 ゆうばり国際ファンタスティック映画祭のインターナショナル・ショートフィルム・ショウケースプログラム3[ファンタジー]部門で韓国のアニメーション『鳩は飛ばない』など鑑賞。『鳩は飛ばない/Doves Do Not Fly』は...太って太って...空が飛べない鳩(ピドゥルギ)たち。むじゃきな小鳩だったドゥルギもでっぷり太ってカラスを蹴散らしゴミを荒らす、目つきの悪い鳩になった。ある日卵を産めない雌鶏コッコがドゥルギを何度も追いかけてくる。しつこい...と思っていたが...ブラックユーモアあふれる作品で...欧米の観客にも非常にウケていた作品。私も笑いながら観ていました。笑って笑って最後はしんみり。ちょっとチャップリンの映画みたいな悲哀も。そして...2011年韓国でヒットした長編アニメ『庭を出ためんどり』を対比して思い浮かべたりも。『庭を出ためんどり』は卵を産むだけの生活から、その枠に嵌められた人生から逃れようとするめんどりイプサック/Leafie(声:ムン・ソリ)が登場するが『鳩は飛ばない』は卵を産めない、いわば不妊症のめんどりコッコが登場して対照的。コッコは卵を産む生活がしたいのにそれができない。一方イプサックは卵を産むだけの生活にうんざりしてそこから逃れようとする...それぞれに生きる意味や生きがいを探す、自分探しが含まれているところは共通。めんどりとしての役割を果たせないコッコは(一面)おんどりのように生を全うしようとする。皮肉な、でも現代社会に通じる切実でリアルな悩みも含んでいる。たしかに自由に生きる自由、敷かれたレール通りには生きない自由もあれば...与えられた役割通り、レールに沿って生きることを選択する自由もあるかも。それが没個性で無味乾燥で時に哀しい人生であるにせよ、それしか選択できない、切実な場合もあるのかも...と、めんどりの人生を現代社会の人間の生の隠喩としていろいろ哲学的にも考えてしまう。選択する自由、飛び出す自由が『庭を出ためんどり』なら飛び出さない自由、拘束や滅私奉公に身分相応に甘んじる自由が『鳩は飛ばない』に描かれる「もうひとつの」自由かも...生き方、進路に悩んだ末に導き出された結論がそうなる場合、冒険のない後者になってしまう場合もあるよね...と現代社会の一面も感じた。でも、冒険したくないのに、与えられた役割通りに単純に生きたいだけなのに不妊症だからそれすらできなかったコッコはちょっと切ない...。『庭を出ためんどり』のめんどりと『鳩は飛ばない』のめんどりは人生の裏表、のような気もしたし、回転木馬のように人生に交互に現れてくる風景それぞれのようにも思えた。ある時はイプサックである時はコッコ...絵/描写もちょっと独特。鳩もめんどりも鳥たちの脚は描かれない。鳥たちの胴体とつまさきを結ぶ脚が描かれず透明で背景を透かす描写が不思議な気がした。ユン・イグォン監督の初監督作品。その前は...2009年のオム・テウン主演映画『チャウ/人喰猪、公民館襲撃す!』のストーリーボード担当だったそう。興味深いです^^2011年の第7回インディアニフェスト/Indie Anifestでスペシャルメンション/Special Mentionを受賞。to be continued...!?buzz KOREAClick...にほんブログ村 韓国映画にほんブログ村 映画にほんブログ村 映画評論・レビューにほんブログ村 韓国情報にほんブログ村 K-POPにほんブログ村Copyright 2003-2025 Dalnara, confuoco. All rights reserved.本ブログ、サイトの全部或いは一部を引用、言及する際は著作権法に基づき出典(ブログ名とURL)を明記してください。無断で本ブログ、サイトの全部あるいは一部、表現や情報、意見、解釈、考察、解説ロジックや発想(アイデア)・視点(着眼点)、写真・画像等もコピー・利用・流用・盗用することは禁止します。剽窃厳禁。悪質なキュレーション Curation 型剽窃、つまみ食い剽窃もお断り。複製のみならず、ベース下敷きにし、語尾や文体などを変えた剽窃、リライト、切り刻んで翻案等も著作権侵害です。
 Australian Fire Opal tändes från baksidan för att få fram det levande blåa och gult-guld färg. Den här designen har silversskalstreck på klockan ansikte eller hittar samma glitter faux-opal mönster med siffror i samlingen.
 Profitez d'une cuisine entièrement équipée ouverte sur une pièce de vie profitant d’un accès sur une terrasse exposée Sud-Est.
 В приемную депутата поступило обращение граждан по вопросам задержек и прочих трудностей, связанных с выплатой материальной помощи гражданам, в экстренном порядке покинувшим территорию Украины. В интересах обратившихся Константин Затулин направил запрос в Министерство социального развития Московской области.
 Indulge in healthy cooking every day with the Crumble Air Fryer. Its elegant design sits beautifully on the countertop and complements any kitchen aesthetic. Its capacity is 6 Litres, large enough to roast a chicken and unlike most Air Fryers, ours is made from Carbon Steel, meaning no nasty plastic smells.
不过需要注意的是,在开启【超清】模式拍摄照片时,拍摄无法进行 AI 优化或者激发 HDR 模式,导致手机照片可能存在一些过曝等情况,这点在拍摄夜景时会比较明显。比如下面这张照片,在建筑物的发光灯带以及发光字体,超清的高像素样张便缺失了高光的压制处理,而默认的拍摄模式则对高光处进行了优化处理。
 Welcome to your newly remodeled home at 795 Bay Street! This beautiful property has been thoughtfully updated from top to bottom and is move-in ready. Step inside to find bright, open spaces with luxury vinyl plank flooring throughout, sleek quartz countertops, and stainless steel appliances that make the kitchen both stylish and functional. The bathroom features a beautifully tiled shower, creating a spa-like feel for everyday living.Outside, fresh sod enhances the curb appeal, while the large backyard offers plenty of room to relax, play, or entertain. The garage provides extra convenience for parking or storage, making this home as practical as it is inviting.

* _Your goal_:
Reproduce, exactly as they stand in the data above, the lines from the one that holds "Australian Fire Opal" to the one that holds "Indulge in healthy", inclusive.

* _Output of the task_:
 Australian Fire Opal tändes från baksidan för att få fram det levande blåa och gult-guld färg. Den här designen har silversskalstreck på klockan ansikte eller hittar samma glitter faux-opal mönster med siffror i samlingen.
 Profitez d'une cuisine entièrement équipée ouverte sur une pièce de vie profitant d’un accès sur une terrasse exposée Sud-Est.
 В приемную депутата поступило обращение граждан по вопросам задержек и прочих трудностей, связанных с выплатой материальной помощи гражданам, в экстренном порядке покинувшим территорию Украины. В интересах обратившихся Константин Затулин направил запрос в Министерство социального развития Московской области.
 Indulge in healthy cooking every day with the Crumble Air Fryer. Its elegant design sits beautifully on the countertop and complements any kitchen aesthetic. Its capacity is 6 Litres, large enough to roast a chicken and unlike most Air Fryers, ours is made from Carbon Steel, meaning no nasty plastic smells.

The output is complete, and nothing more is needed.